Data section Block Start

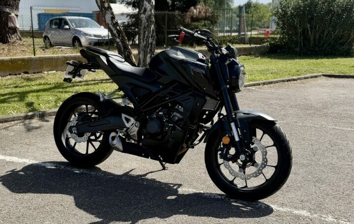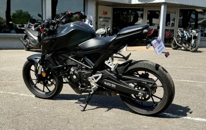 HONDA CB125R ABS, 3762 kms, couleur noir, première main, entretien à jour, carnet et manuel du conducteur, double de clé, garantie et assistance constructeur jusqu’au 12/07/2028, pare carters SW-Motech, support de plaque court R&G, chez Doumenq motos.
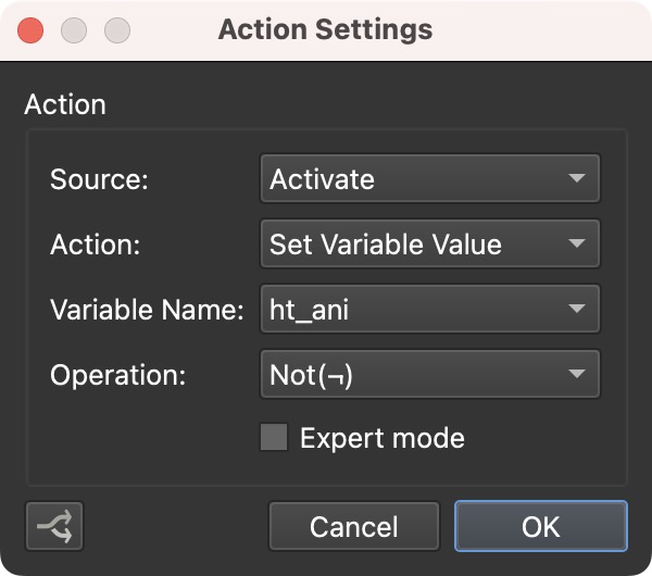添加一个名为ht_ani的变量 。类型 = true/false,初始化值 = false。
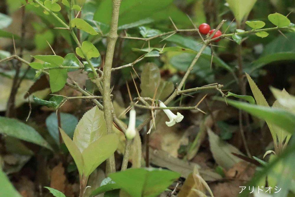 細長いトゲがあり筒状の白い花(1cm)が咲き、冬に赤い実が成ります

Data section Block End

- What you will do -
In your answer, give every line of the listing above exactly, and do not include the images.

- Response to the task -
 HONDA CB125R ABS, 3762 kms, couleur noir, première main, entretien à jour, carnet et manuel du conducteur, double de clé, garantie et assistance constructeur jusqu’au 12/07/2028, pare carters SW-Motech, support de plaque court R&G, chez Doumenq motos.
添加一个名为ht_ani的变量 。类型 = true/false,初始化值 = false。
 細長いトゲがあり筒状の白い花(1cm)が咲き、冬に赤い実が成ります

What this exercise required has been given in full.